# Tesla Owners Will be Able to Request Software Update



## Bokonon (Apr 13, 2017)

For anyone out there wondering, "Why, oh why am I not running the latest firmware?! I reallyreallyreally want those EAP updates / new maps / moar bacon / software-locked HUD!!!"

Well, straight from the horse's mouth...


__ https://twitter.com/i/web/status/981975289403076610


----------



## SoFlaModel3 (Apr 15, 2017)

I won't be able to help myself and wait for "wide release"


----------



## Jason Bourne (Aug 18, 2017)

I would love to see how Tesla implements this, but I have my doubts. If we all use the 'request' mechanism, then a queue of cars to send the software to develops and we're in the same position we're in now.


----------



## Guy Weathersby (Jun 22, 2016)

Jason Bourne said:


> I would love to see how Tesla implements this, but I have my doubts. If we all use the 'request' mechanism, then a queue of cars to send the software to develops and we're in the same position we're in now.


Actually I suspect that the vast majority of owners are not concerned with getting the latest update.
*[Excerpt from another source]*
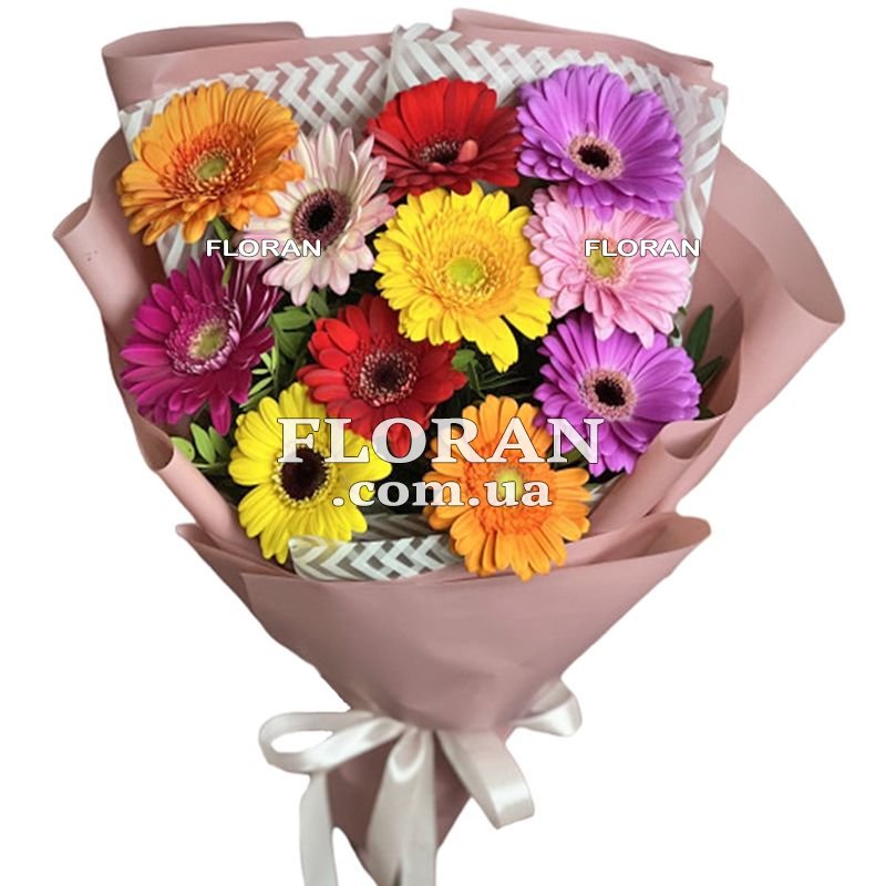 Букет гербер чоловіку - код товару FL-1566. Букет із 11 різнокольорових гербер, викладених каскадом, стане чудовим подарунком для чоловіка. Гербери – це яскраві та життєрадісні квіти, які зможуть підкреслити його індивідуальність та принести радість у його життя. Різнокольорові гербери у букеті створюють враження яскравості та різноманітності. Кожен колір символізує свої емоції та почуття. Наприклад, червоний гербер може виражати пристрасть та енергію, жовтий – радість та щастя, помаранчевий – теплоту та дружелюбність, а рожевий – ніжність та захоплення. У поєднанні всі ці кольори створюють гармонійний та яскравий образ. Каскадне розташування герберів надає букету особливої елегантності та вишуканості. Вони ніби перетікають один одного, створюючи гарну композицію. Такий букет приваблюватиме погляди і викликатиме захоплення. Подарувати такий букет чоловіку можна з різних приводів – день народження, ювілей, свято або просто для того, щоб висловити свою подяку та вдячність. Він стане символом вашої турботи та уваги, а також покаже ваше розуміння його індивідуальності та смаку. Упаковка букета також має значення. Ви можете вибрати стильну та мужню упаковку, що відповідає смаку одержувача. Це може бути паперова обгортка, квітковий пакет або навіть стильний горщик для квітів. Важливо, щоб упаковка доповнила загальний образ букета та створила завершений вигляд. Букет гербер для чоловіка - це унікальний та оригінальний подарунок, який дозволить висловити ваше захоплення та кохання. Він нагадає йому про вашу турботу та підтримку, а також подарує яскраві емоції та позитивні враження.

So the ones who do care will probably get their updates more quickly.


----------



## SoFlaModel3 (Apr 15, 2017)

Guy Weathersby said:


> Actually I suspect that the vast majority of owners are not concerned with getting the latest update. So the ones who do care will probably get their updates more quickly.


I agree -- no different than Apple pushing out the latest iOS release and my mom being 5 versions back


----------